*** Opening EXERCISE INPUTS ***

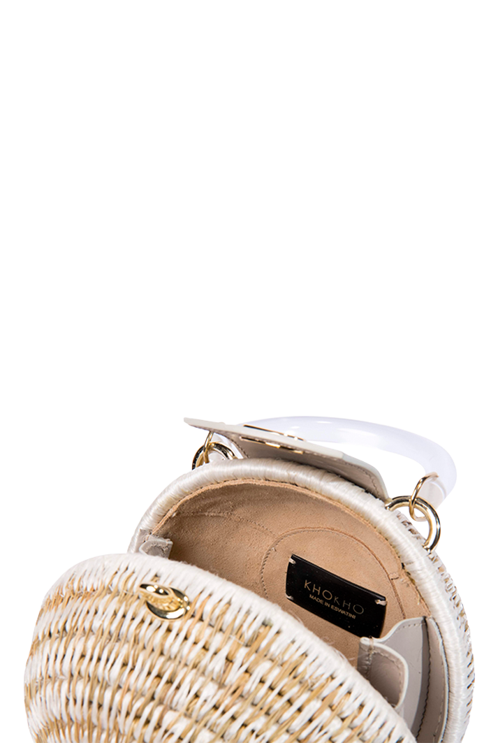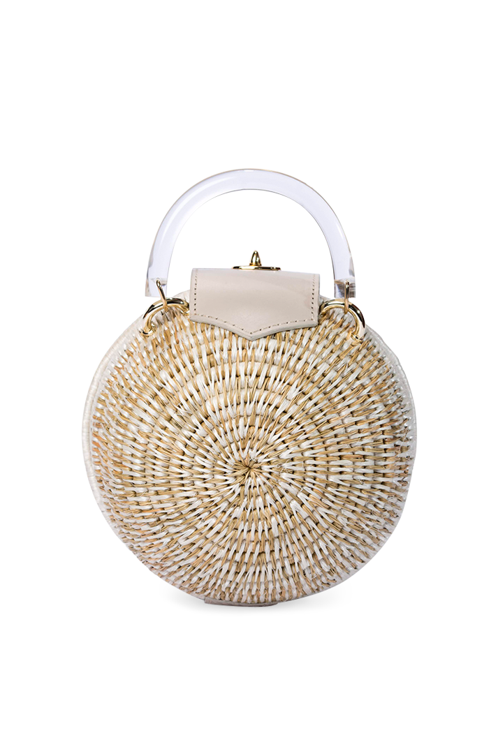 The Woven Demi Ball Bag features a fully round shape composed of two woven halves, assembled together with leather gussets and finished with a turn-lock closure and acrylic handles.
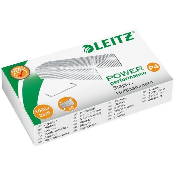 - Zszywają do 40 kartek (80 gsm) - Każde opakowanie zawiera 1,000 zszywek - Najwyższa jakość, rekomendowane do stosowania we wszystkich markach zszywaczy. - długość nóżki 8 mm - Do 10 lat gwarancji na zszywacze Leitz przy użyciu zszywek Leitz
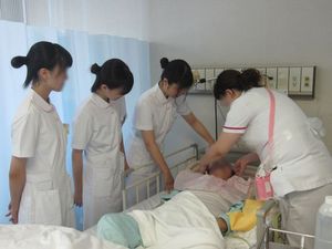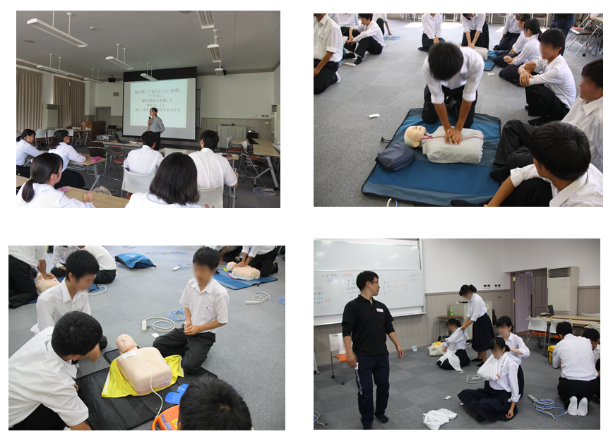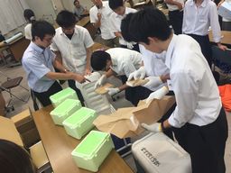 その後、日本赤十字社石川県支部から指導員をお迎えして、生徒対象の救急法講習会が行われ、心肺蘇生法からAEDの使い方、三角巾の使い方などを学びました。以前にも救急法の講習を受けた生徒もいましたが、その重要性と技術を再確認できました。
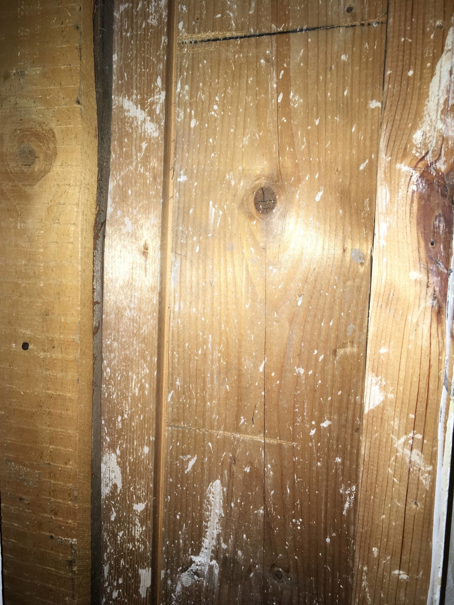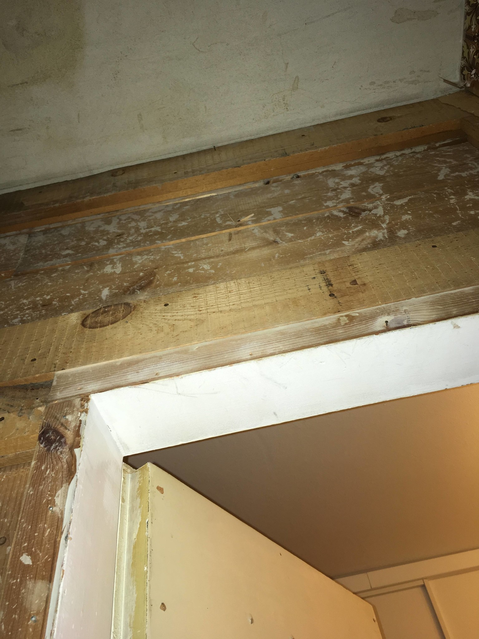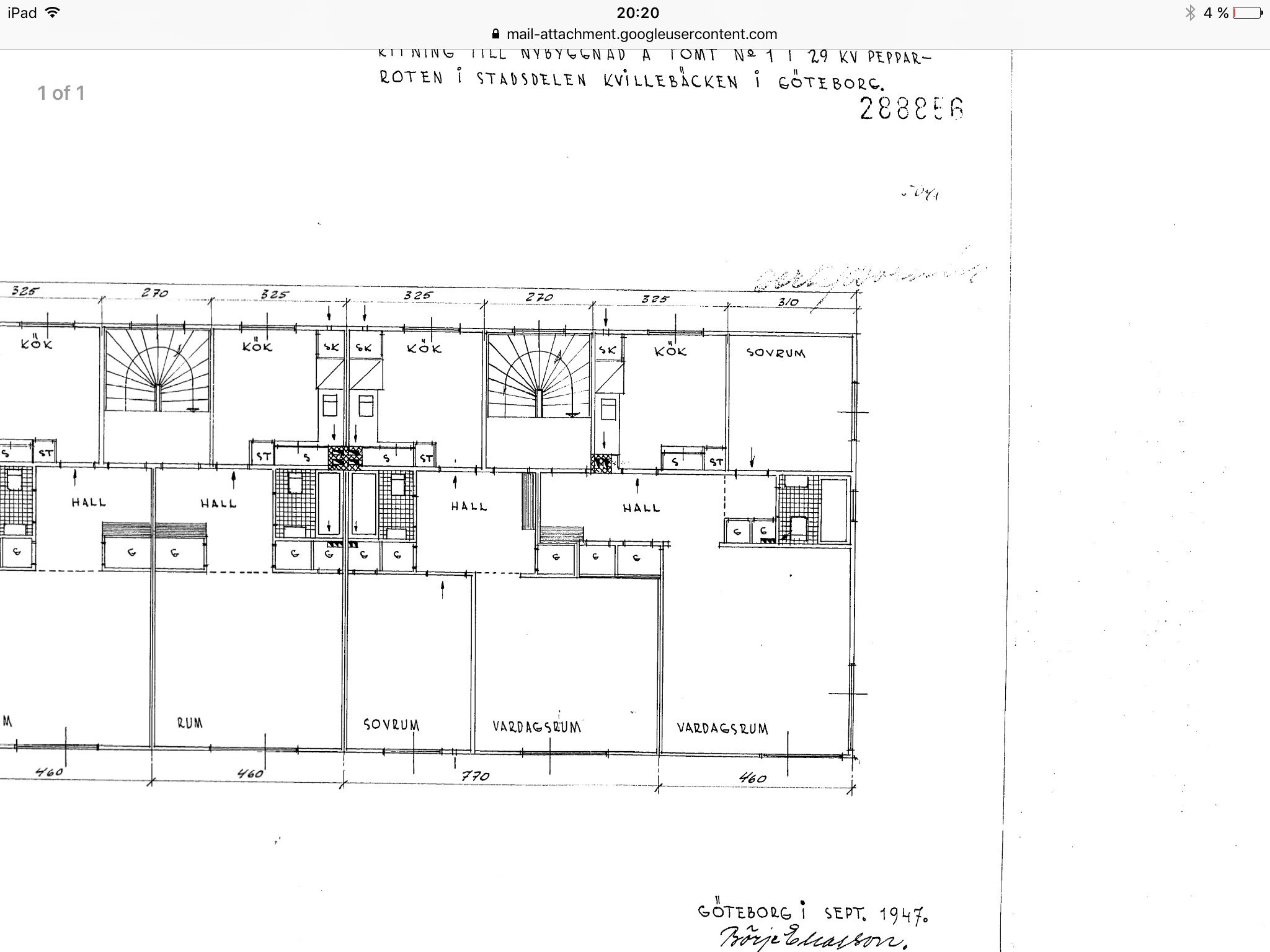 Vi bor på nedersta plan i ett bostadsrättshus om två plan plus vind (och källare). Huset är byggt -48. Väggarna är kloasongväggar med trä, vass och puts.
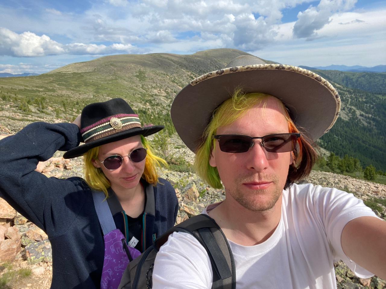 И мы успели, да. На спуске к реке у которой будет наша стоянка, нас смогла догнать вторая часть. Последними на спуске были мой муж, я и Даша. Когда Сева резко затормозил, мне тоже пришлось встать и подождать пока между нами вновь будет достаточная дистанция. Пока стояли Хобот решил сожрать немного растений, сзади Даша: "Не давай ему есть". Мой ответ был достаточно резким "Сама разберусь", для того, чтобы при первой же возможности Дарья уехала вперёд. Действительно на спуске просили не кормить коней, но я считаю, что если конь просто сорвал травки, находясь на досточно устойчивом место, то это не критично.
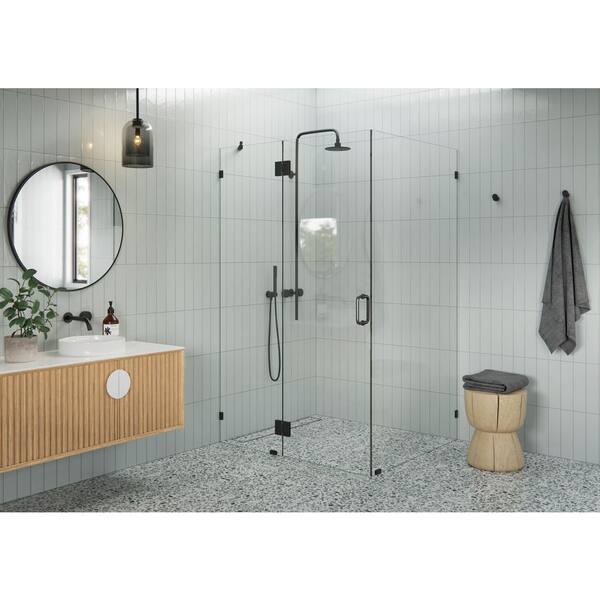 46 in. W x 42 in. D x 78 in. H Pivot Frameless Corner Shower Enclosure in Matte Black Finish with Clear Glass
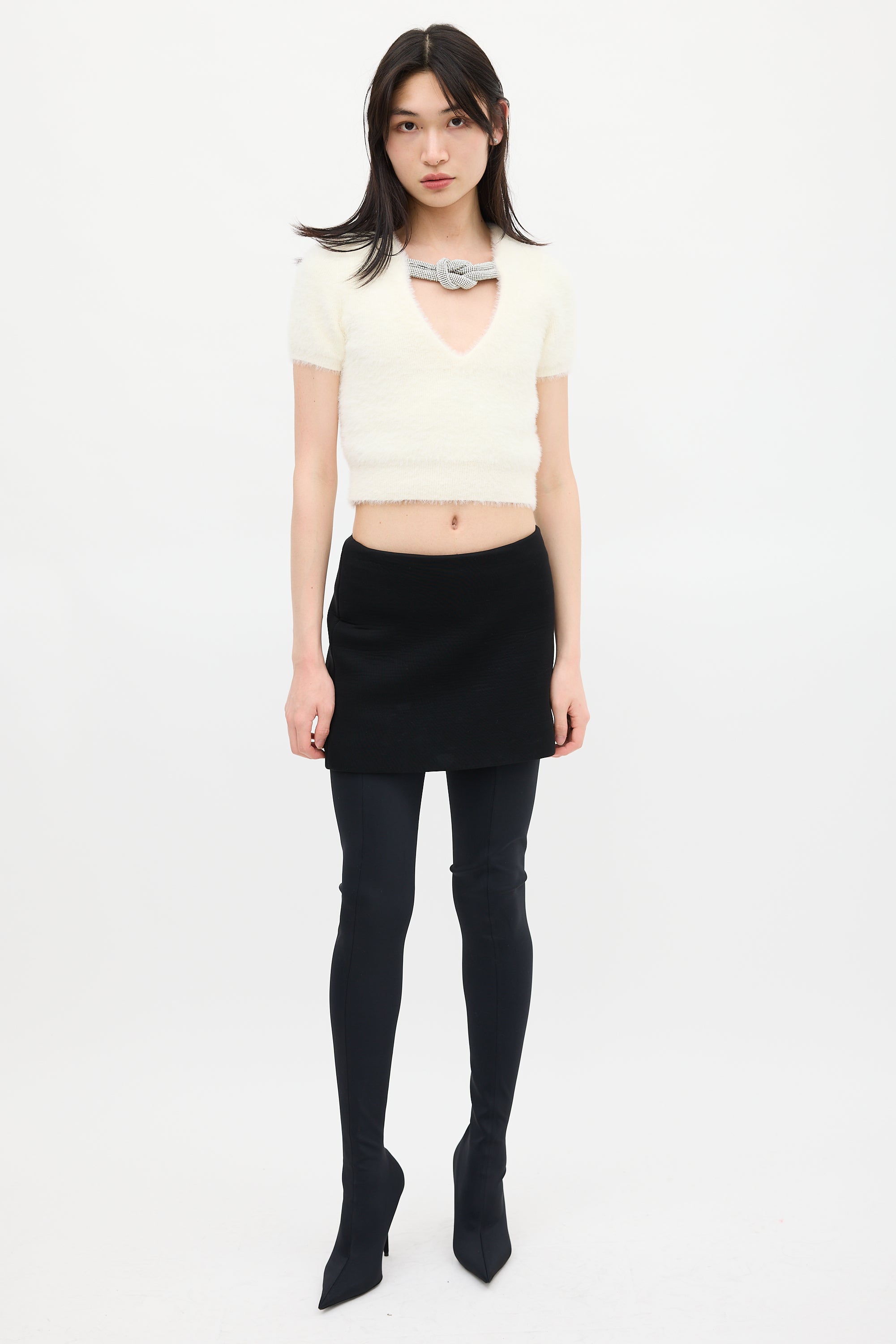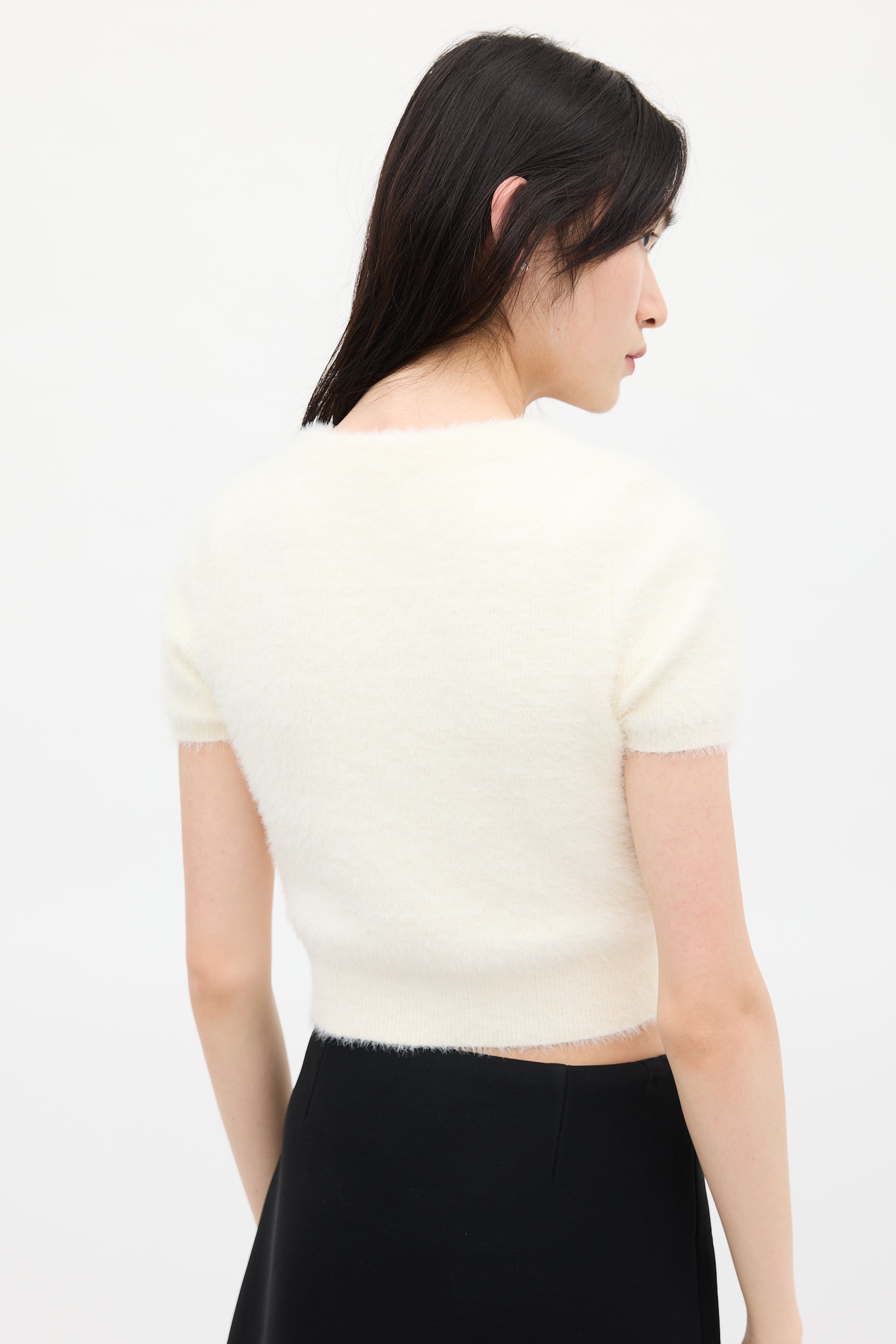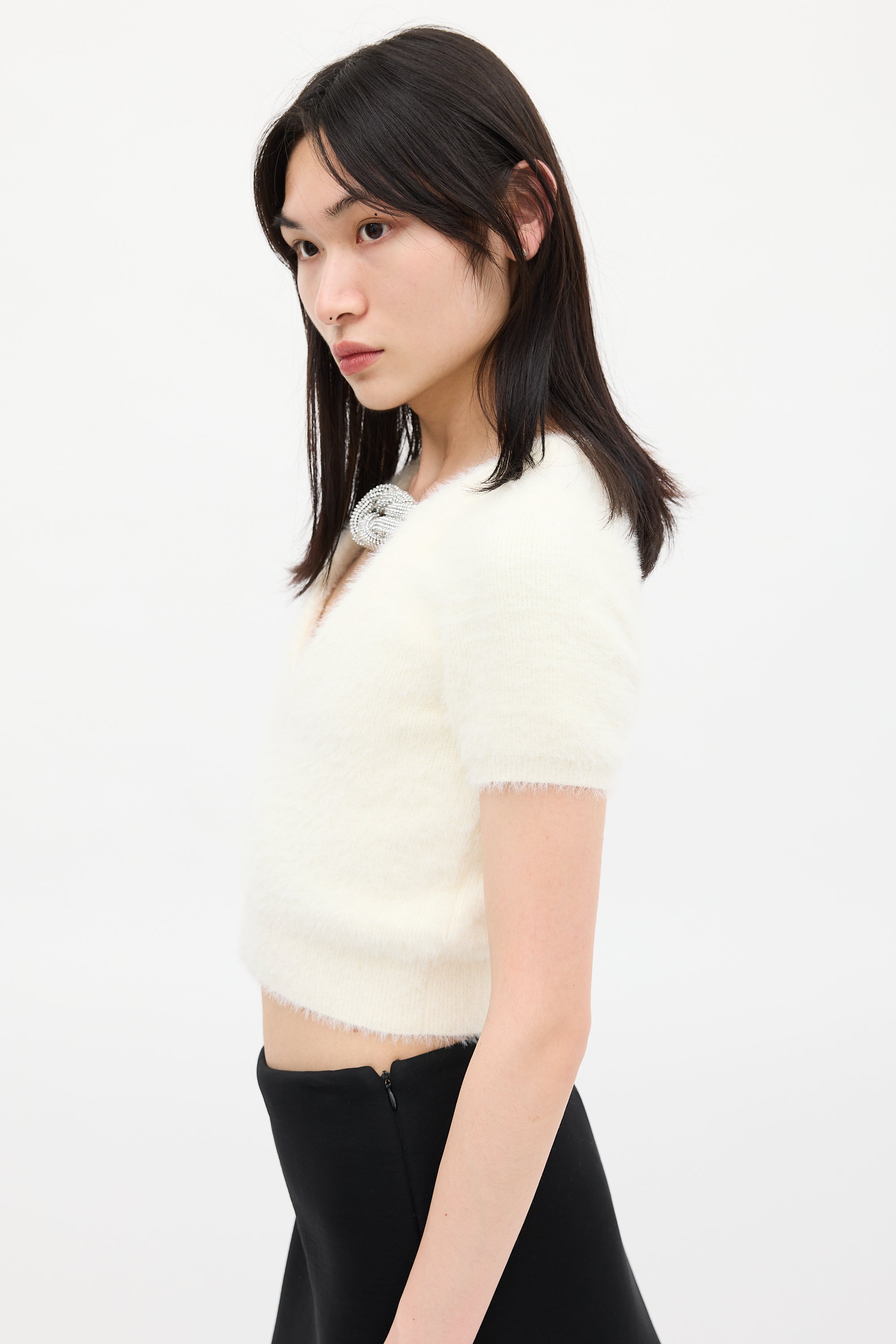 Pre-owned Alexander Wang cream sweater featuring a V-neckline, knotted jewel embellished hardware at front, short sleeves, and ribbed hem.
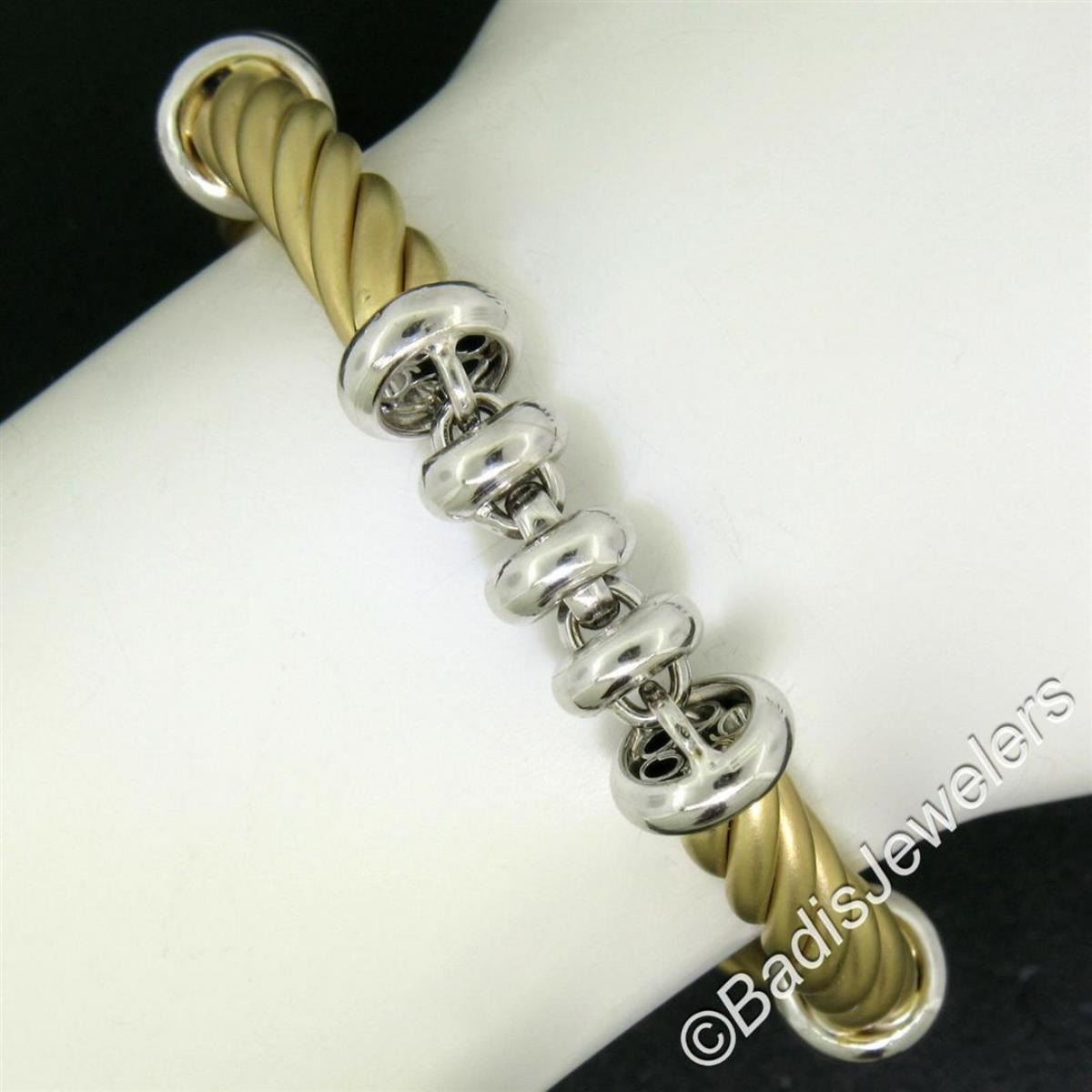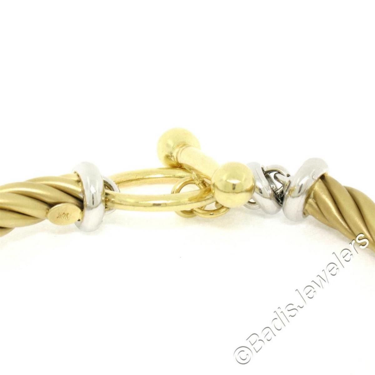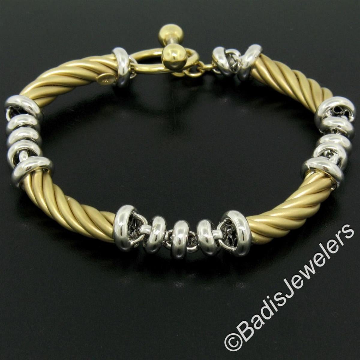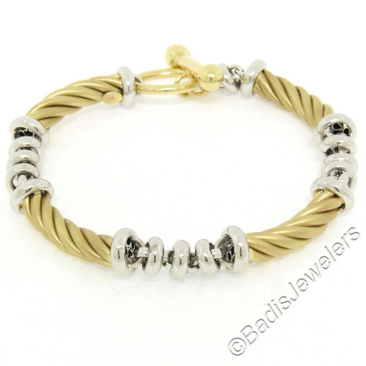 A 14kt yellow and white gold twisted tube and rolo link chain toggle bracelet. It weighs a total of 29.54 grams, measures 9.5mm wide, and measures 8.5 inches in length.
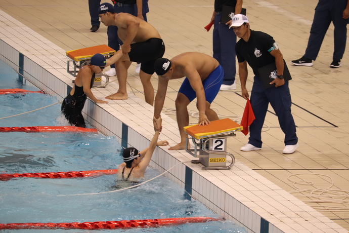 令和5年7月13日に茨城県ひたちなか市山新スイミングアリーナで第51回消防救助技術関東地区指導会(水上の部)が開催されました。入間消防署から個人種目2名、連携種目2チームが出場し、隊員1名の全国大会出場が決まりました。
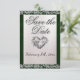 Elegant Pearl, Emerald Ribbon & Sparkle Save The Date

*** Closing EXERCISE INPUTS ***

All of the material must be repeated exactly in the answer, apart from the pictures.

 The Woven Demi Ball Bag features a fully round shape composed of two woven halves, assembled together with leather gussets and finished with a turn-lock closure and acrylic handles.
 - Zszywają do 40 kartek (80 gsm) - Każde opakowanie zawiera 1,000 zszywek - Najwyższa jakość, rekomendowane do stosowania we wszystkich markach zszywaczy. - długość nóżki 8 mm - Do 10 lat gwarancji na zszywacze Leitz przy użyciu zszywek Leitz
 その後、日本赤十字社石川県支部から指導員をお迎えして、生徒対象の救急法講習会が行われ、心肺蘇生法からAEDの使い方、三角巾の使い方などを学びました。以前にも救急法の講習を受けた生徒もいましたが、その重要性と技術を再確認できました。
 Vi bor på nedersta plan i ett bostadsrättshus om två plan plus vind (och källare). Huset är byggt -48. Väggarna är kloasongväggar med trä, vass och puts.
 И мы успели, да. На спуске к реке у которой будет наша стоянка, нас смогла догнать вторая часть. Последними на спуске были мой муж, я и Даша. Когда Сева резко затормозил, мне тоже пришлось встать и подождать пока между нами вновь будет достаточная дистанция. Пока стояли Хобот решил сожрать немного растений, сзади Даша: "Не давай ему есть". Мой ответ был достаточно резким "Сама разберусь", для того, чтобы при первой же возможности Дарья уехала вперёд. Действительно на спуске просили не кормить коней, но я считаю, что если конь просто сорвал травки, находясь на досточно устойчивом место, то это не критично.
 46 in. W x 42 in. D x 78 in. H Pivot Frameless Corner Shower Enclosure in Matte Black Finish with Clear Glass
 Pre-owned Alexander Wang cream sweater featuring a V-neckline, knotted jewel embellished hardware at front, short sleeves, and ribbed hem.
 A 14kt yellow and white gold twisted tube and rolo link chain toggle bracelet. It weighs a total of 29.54 grams, measures 9.5mm wide, and measures 8.5 inches in length.
 令和5年7月13日に茨城県ひたちなか市山新スイミングアリーナで第51回消防救助技術関東地区指導会(水上の部)が開催されました。入間消防署から個人種目2名、連携種目2チームが出場し、隊員1名の全国大会出場が決まりました。
 Elegant Pearl, Emerald Ribbon & Sparkle Save The Date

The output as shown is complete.